Moving on to gaming performance, the Core i5-10600K is really one of the best mid-tier CPUs you can get, price versus performance. It’s within five frames per second compared to the Core i9-9900K on Shadow of the Tomb Raider and has near-identical performance on Far Cry 5. The i5-10600K can even pull in an average of at least 60 fps at 4K ultra in most games with the help of a RTX 2080 Ti.
The Core i9-10900K gets about 10 to 15 fps more in most games than the i5-10600K with the same GPU, breaking more than 130 fps in all games aside from Total War: Warhammer II. There’s no question that if you want the absolute best gaming performance, you go with the i9-10900K. But it’s value proposition isn’t as great as the i5-10600K because of its small gains over the i5-10600K and its high power demands.

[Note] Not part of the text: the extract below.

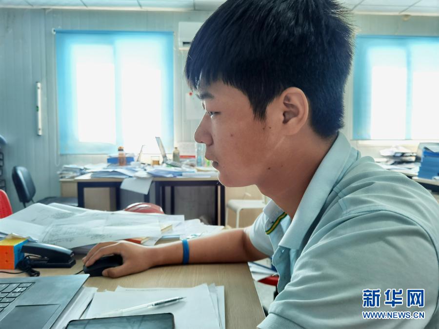 12月14日,在馬爾代夫馬累,臉上有口罩印的安全工程師劉平建在維拉納國際機場水飛航站樓項目辦公室工作。新華社發(fā)(北京城建集團供圖)

Suspected and unsolved issues aside with the Core i9-10900K, Intel has consistently been able to make better processors every generation, even with the same 14nm process. The degree at which makes them worth upgrading to or putting in your next rig depends on what you want your PC to do, and how much money you’re willing to spend, of course.
If you had no need for multi-core workloads, the Core i5-10600K packs plenty of juice, and even if you don’t have an RTX 2080 Ti you’ll still get more than enough 1080p ultra performance with something like a RTX 2060 Super. What you’re saving on the CPU you can put toward the GPU. I can whole heartily recommend this processor. The i9-10900K is for a niche group, and if you want it, go for it. It’s value proposition doesn’t quite do it for me, though.
But given Intel should be moving to a new process next year it just doesn’t seem like the best idea to pick up what is, hopefully, a CPU from its last generation of the 14nm process. If you absolutely need an Intel CPU right now, that i5-10600K is a stunning little deal, but with AMD’s next generation of Ryzen processors expected later this year, and Intel’s move to a smaller (and likely much faster and efficient) process next year it might be better to wait, unless you need that stellar 1080p performance right this second.
- Core i5-10600K is one of the best mid-tier CPUs on the market.
- Unusual Core i9-10900K benchmarks possibly tied to motherboard issues.
- Good, but still lower than expected performance for both CPUs.
- Will need a brand new motherboard.